I'm definitely out of my comfort zone on this and am trying to reduce the query time. Here's the output of explain analyze

  HashAggregate  (cost=7486635.89..7486650.53 rows=1464 width=48) (actual time=26989.272..26989.306 rows=98 loops=1)
  Group Key: events.id, calendars.user_id
  ->  Nested Loop Left Join  (cost=0.42..7486628.57 rows=1464 width=48) (actual time=316.110..26988.941 rows=98 loops=1)
    ->  Seq Scan on events  (cost=0.00..7475629.43 rows=1464 width=50) (actual time=316.049..26985.344 rows=98 loops=1)
          Filter: ((deleted_at IS NULL) AND ((status IS NULL) OR ((status ->> 'pre_processed'::text) IS NULL)) AND ('["2016-04-21 19:12:36+00","2016-04-21 19:22:36+00")'::tstzrange @> lower(time_range)))
          Rows Removed by Filter: 31592898
    ->  Index Scan using calendars_pkey on calendars  (cost=0.42..7.50 rows=1 width=48) (actual time=0.030..0.031 rows=1 loops=98)
          Index Cond: (events.calendar_id = (id)::text)
Planning time: 1.468 ms
Execution time: 26989.370 ms

And here is the explain analyze with the events.deleted_at part of the query removed

HashAggregate  (cost=7487382.57..7487398.33 rows=1576 width=48) (actual time=23880.466..23880.503 rows=115 loops=1)
  Group Key: events.id, calendars.user_id
  ->  Nested Loop Left Join  (cost=0.42..7487374.69 rows=1576 width=48) (actual time=16.612..23880.114 rows=115 loops=1)
    ->  Seq Scan on events  (cost=0.00..7475629.43 rows=1576 width=50) (actual time=16.576..23876.844 rows=115 loops=1)
          Filter: (((status IS NULL) OR ((status ->> 'pre_processed'::text) IS NULL)) AND ('["2016-04-21 19:12:36+00","2016-04-21 19:22:36+00")'::tstzrange @> lower(time_range)))
          Rows Removed by Filter: 31592881
    ->  Index Scan using calendars_pkey on calendars  (cost=0.42..7.44 rows=1 width=48) (actual time=0.022..0.023 rows=1 loops=115)
          Index Cond: (events.calendar_id = (id)::text)

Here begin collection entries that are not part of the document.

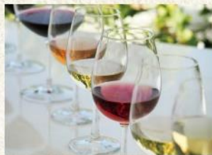
ココ・ファーム・ワイナリー
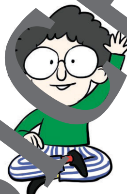
Der kleine Herr Paul

E in winziger Kerl, der sich als der kleine Herr Paul vorstellt, Seifenblasen blubbert und manchmal Buchstaben verdreht oder ganz durcheinanderwirft, komische und wunderbare Dinge zaubert und das Klassenzimmer sauber hält – für Leon, Freddy und Mia ist der kleine Herr Paul einfach der Größte ... Die lustige Geschichte ist in mehrere Abschnitte in unterschiedlichen Schwierigkeitsstufen aufgeteilt. So gibt es je nach Leseniveau Texte zum Vorlesen und Selbstlesen, Übungen zum Hör- und Leseverstehen und zu verschiedenen Lesetechniken, Aufgaben zum Nachdenken und zum Lachen.
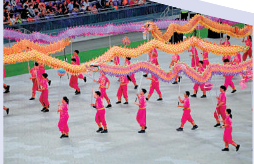
▲近百人參與舞龍活動。

體育專員蔡健斌透露，開幕將有盛大及隆重的典禮，會有體育、文化、演藝人士參與的表演，陣容會「跨年齡、跨世代」。
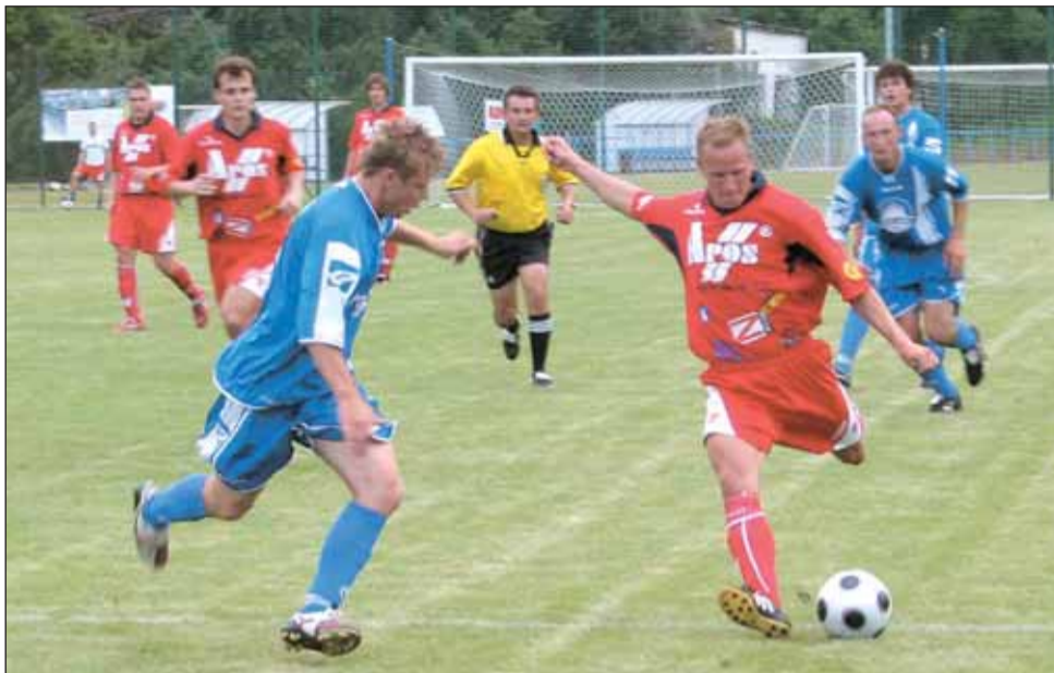
Turnaj. Ve finále boskovického turnaje se utkali domácí s rivalem z Blanska.

Planning time: 0.372 ms Execution time: 23880.571 ms

I added the index on the status column. Everything else what already there and I'm unsure how to proceed going forward. Any suggestions on how to get the query time down to a more manageable number?

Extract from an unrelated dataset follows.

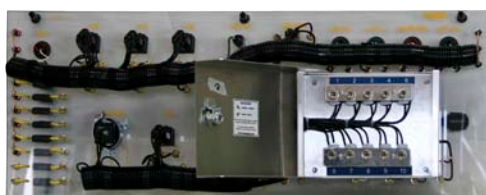
HV-1918-02 (vue arrière avec boîte de fautes ouverte)

How to optimize this SQL query?

The following recommendations will help you in your SQL tuning process.
You'll find 3 sections below:

  1. Description of the steps you can take to speed up the query.
  2. The optimal indexes for this query, which you can copy and create in your database.
  3. An automatically re-written query you can copy and execute in your database.
The optimization process and recommendations:
  1. Avoid Calling Functions With Indexed Columns (query line: 11): When a function is used directly on an indexed column, the database's optimizer won’t be able to use the index. For example, if the column `time_range` is indexed, the index won’t be used as it’s wrapped with the function `lower`. If you can’t find an alternative condition that won’t use a function call, a possible solution is to store the required value in a new indexed column.
The optimized query:
SELECT
        DISTINCT "events"."id",
        "calendars"."user_id" 
    FROM
        "events" 
    LEFT JOIN
        "calendars" 
            ON "events"."calendar_id" = "calendars"."id" 
    WHERE
        "events"."deleted_at" IS NULL 
        AND tstzrange('2016-04-21T12:12:36-07:00', '2016-04-21T12:22:36-07:00') @> lower(time_range) 
        AND (
            "status" IS NULL 
            OR (
                status->>'pre_processed'
            ) IS NULL
        )

Related Articles



* original question posted on StackOverflow here.